NF-κB has been shown to be important in regulating the expression of a number of genes involved in cell survival, inflammatory processes and neuronal degeneration (24). Dysregulation of the NF-κB signaling pathway may result in chronic neuroinflammation and neuronal death, thus the NF-κB signaling pathway is important in the regulation of neuronal function (25,26). A recent study by Wu et al(27) demonstrated that the inhibitory effect of ketamine on the LPS-induced inflammatory response may be mediated by the suppression of NF-κB activation. In addition, Yu et al(28) revealed that ketamine is able to inhibit pulmonary NF-κB activity during endotoxemia in rats. The results of the present study were consistent with previous findings demonstrating that LPS significantly activates the expression of NF-κB, while ketamine is capable of inhibiting the LPS-induced activation of NF-κB.

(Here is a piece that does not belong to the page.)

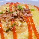 Fried egg with a golden yolk, served over fragrant rice and topped with savory sauce.
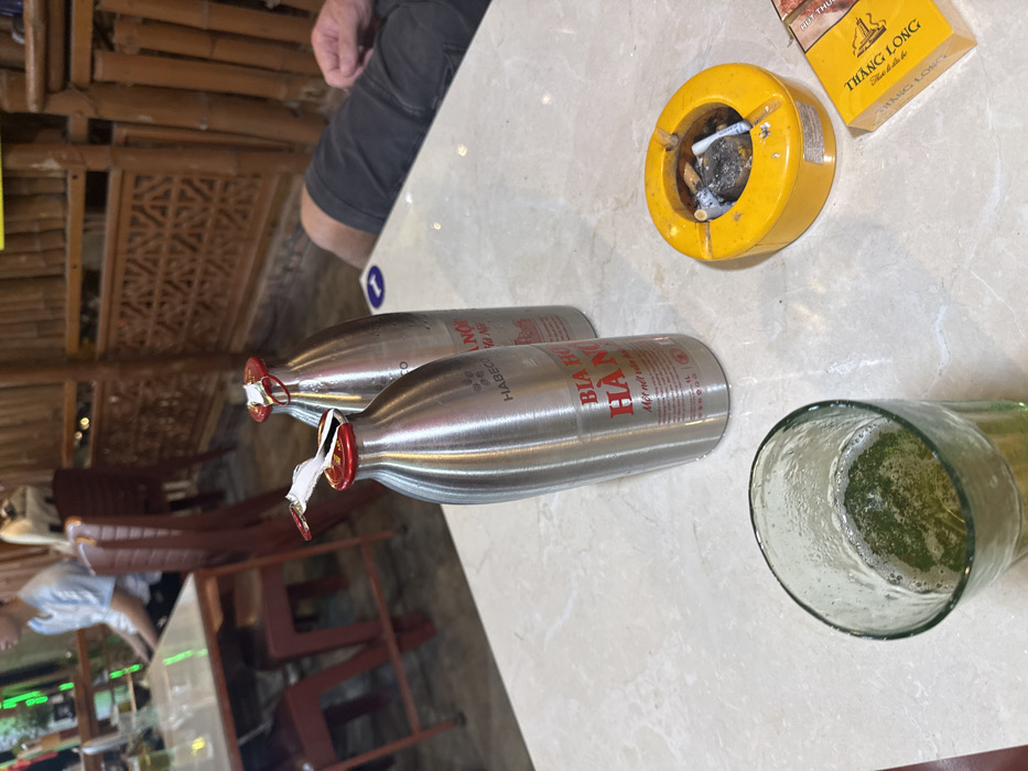 The scene depicts a casual dining or drinking establishment in Nha Trang, Vietnam. On a light-colored, possibly marble, tabletop in the foreground, two metallic 1-liter bottles of "BIA HƠI HÀ NỘI" are present. Both bottles have red caps and are uncapped, with the front bottle containing a white paper object, possibly a napkin or tissue, inserted into its neck. To the lower left, a glass contains a green-tinted, foamy liquid, consistent with beer, and exhibits condensation on its exterior. To the right of the bottles, a yellow circular ashtray holds multiple cigarette butts and ash. Adjacent to the ashtray lies a sealed yellow pack of "THĂNG LONG" brand cigarettes. A person's lower right leg and a portion of their arm, clothed in dark shorts, are visible on the right side of the main table. In the blurred background, another individual wearing a light-colored t-shirt is seated at a separate table. The establishment's interior features wooden or bamboo lattice partitions forming the background wall, suggesting an open-air or semi-outdoor setting.

In the present study, the upregulation of NF-κB was observed in LPS-treated N2a cells. It has been reported that NF-κB activation upregulates the production of iNOS, which leads to the upregulation of nitric oxide production during the inflammatory response (29). NF-κB-dependent activation of iNOS promotes the inflammatory response (30). Therefore, we hypothesized that NF-κB and iNOS are important in mediating the inhibitory effect of ketamine on the inflammatory response in the central nervous system. Our results demonstrated that ketamine was capable of inhibiting the LPS-induced activation of iNOS, which confirmed our hypothesis.
Several studies have reported that the pathogenesis of numerous types of neurodegenerative diseases, including Alzheimer’s disease, Parkinson’s disease and multiple sclerosis, are likely to be associated with increased levels of pro-inflammatory cytokines in the central nervous system (3–5). Notably, as a widely used anesthetic agent, ketamine has attracted increasing attention for the treatment of refractory depression. To the best of our knowledge, no other study has reported the therapeutic effects of ketamine in other inflammation-associated neurological and/or psychiatric diseases to date. Large-scale studies are required to fully elucidate the therapeutic effects of ketamine, thereby expanding its clinical application.
In conclusion, ketamine is capable of exerting an inhibitory effect on the LPS-induced inflammatory response in cultured N2a cells, and its mechanism is likely to be associated with the inhibition of NF-κB and iNOS.